Bu iki hayvanın ölüsünün etini yemek bize helal kılındı.
Dolayısıyla buradan Hanefî fukahası istihraç ve istinbat ederek demişlerdir ki, deniz hayvanları içerisinde, bütün türleriyle, sadece balık hayvanını yemek helaldir, balığın dışındakileri yemek helal değildir.
Hayvanların, canlıların helal ve haram tespiti yönünden bu ifadeleri kullanmış olduk.
Evet, helal, Allah’ın ve Rasûlü’nün helal ettiğidir, haram Allah’ın ve Rasûlü’nün haram ettiğidir.
Mesela, bir ilavede daha bulunayım: İrbaz b. Sâriye (r.a) diyor ki; “Hayber günü Rasûlullah (s.a.v) şunları haram etti: Kuşlardan, pençesiyle av yapan bütün kuşları ve ehil eşek etini diye ifade ediyor.
Yaban hayvanının yemek üzere yakaladığı avını ölü olarak ağzından almak, Rasûlullah Efendimiz bu durumdaki eti de haram ediyor.
Ama canlı iken yetişip alıp kesilirse o helal olur.
Hedef olmak üzere konulan hayvanın, yani atış talimi yaparken hedef olarak kullanılan hayvanın etini yemeyi de Rasûlullah Efendimiz haram etti.
Başka bir rivâyette katır da haram ediliyor.
Katırın eti, eşeğin eti, yırtıcı hayvanın doğurduğu hayvanın eti gibi etleri Rasûlullah Efendimiz, Hayber günü, haram etti.
Demek ki bir tedricilik var.
Aşağıdan yukarıya doğru, yavaş yavaş ve en son veya sona yakın bir dönemde Rasûlullah Efendimiz, “Şunlar, şunlar haramdır.” diyerek haramları kâmil anlamda tespit etmiş bulunuyordu.
Yukarıda saydığımız şeylerin eti yenmez.
Bunları keserken besmele çekilse de yenmez.
Ama besmele ile değil de bunları boğazından kesmenin, domuzdan başkasını boğazından kesmenin, bir faydalı yönü vardır.
Rasûlullah (s.a.v) “” “Bütün deriler tabaklandığı zaman temiz olur” buyuruyor. Sadece domuzun ki tabaklansa da temiz olmaz.
Bazı rivâyetlerde köpek de ona katılıyor.
Diğer hayvanların derisi boğazından kesildiği takdirde tabaklanınca temiz olur, ama eti hiçbir suretle yenmez.
Eti yenmeyen hayvanların etinden herhangi bir şey de yapılmaz.
Mesela satışı da helal değildir.
Yani eğer bir hayvanın eti yenmiyorsa satıp parasını yemek de helal değildir.

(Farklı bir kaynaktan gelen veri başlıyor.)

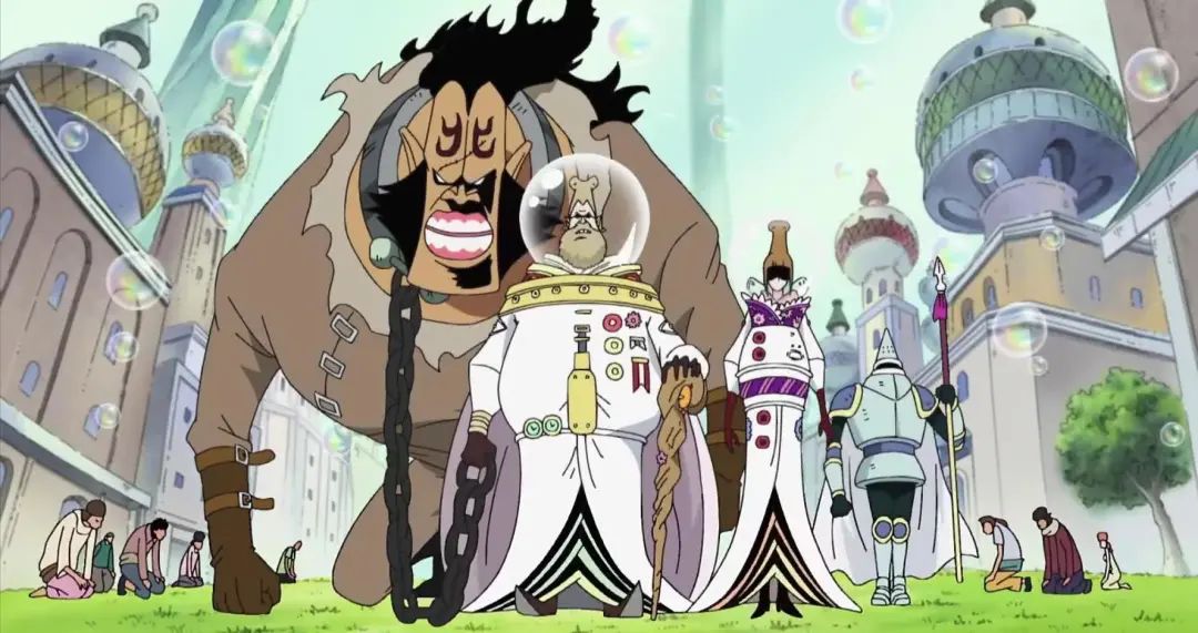 天龍人無疑是海賊世界裏的統治階級,世界政府極力地維護着天龍人也就是世界貴族們的權利,這裏的天龍人可以參照八旗子弟,但實際權利還要遠高於八旗子弟。他們天生高人一等,生下來唯一的任務就是吃喝玩樂,朝廷命官見到他們都得恭恭敬敬,海軍大將時刻為其護航,即使是嫉惡如仇的卡普們,對天龍人只是過過嘴癮罵罵。天龍人魚肉百姓,依然能保有主宰世界,他的統治基礎又是什麼?除了掌握歷史和合法性,當然還得有鎮壓性的國家機器,問題是,諸如暴力機器海軍,也未必能擺平四皇,筆者猜測,可能還因為掌握了一種古代兵器,足以威懾世界。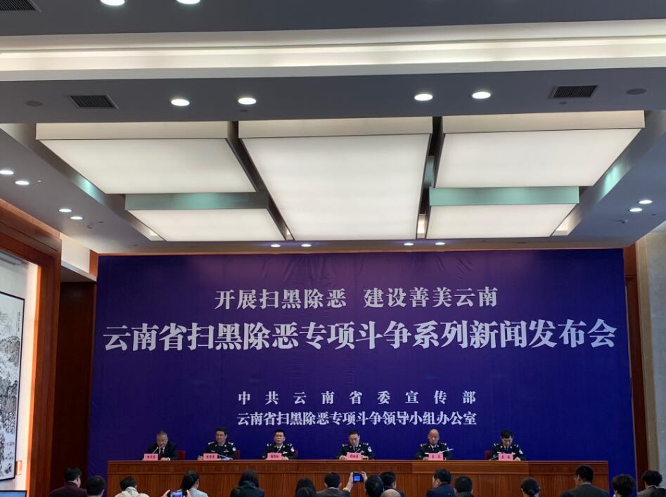 雲南省公安廳副廳長鬍祖俊通報,掃黑除惡專項鬥爭以來,全省各級公安機關緊盯群眾反映強烈問題,始終將打擊鋒芒對準人民群眾反應最強烈、最深惡痛絕的各類黑惡犯罪,打掉了一批欺壓百姓橫行鄉里、侵蝕基層政權、非法暴力討債、跨境綁架拘禁和「黃賭毒」、「套路貸」黑惡團伙。

Rasûlullah (s.a.v) buyuruyor ki: “Allah, Yahudilere lanet etti. Zira onlara ineğin ve koyunun yani eti yenen hayvanların içinden çıkan iç yağını haram etmişti. Onlar hile yaptılar. İç yağını eritip, bir kaba döktüler, dondurdular ve donmuş vaziyette sattılar, onun parasını alıp yediler.”
Eğer bir şeyin yenmesi haram ise satıp parasını yemek de haramdır.
Bir şeyin kendisi haramsa, “Onu ben yemiyorum ama satayım.” diyemezsin.
Bu ölçüler içerisinde bir sınır koymak gerekiyor.
Bir kere haram-helal sınırını iyi koymak gerekiyor.
Eti yenen hayvanlar için Kur’ân-ı Kerîm’de Allâh Teâlâ, mü’minlere hitaben: “Üzerine Allah’ın adı zikredilmeyenlerden yemeyin. Çünkü bu muhakkak ki bir fasıklıktır” buyuruyor.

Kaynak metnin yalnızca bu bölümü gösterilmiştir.